[[ Given data open ]]

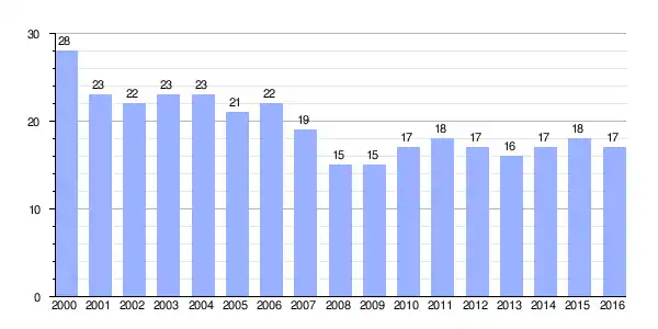 | Gráfica de evolución demográfica de Selga de Ordás[2] entre 2000 y 2016 |
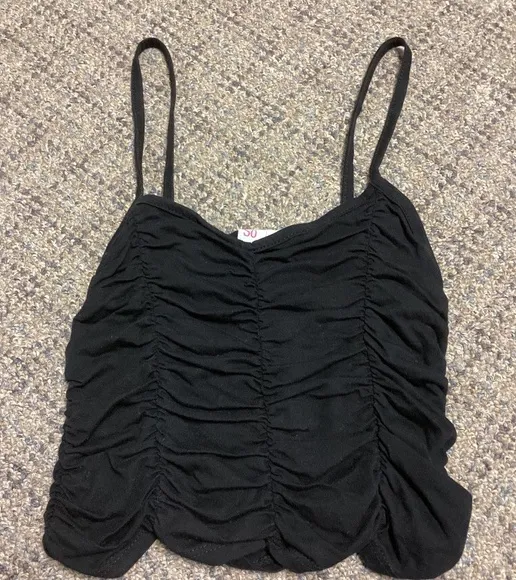 SO Black Ruched Spaghetti Strap Tank Top Size Juniors Small Preowned, EUC Approx. Measurements… Pit... Show more
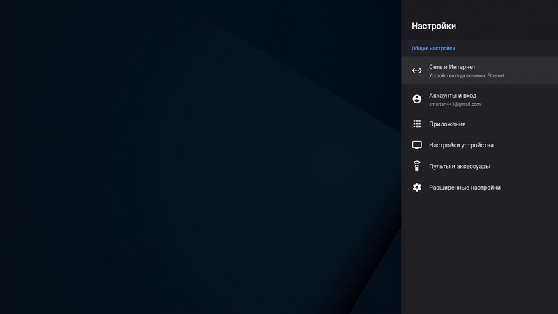 Ну и все, мы в главном окне - традиционном для оболочки Android TV.

[[ Given data closed ]]

Exercise brief:
Leave the images out and give the rest of the data again exactly.

Your solution:
 | Gráfica de evolución demográfica de Selga de Ordás[2] entre 2000 y 2016 |
 SO Black Ruched Spaghetti Strap Tank Top Size Juniors Small Preowned, EUC Approx. Measurements… Pit... Show more
 Ну и все, мы в главном окне - традиционном для оболочки Android TV.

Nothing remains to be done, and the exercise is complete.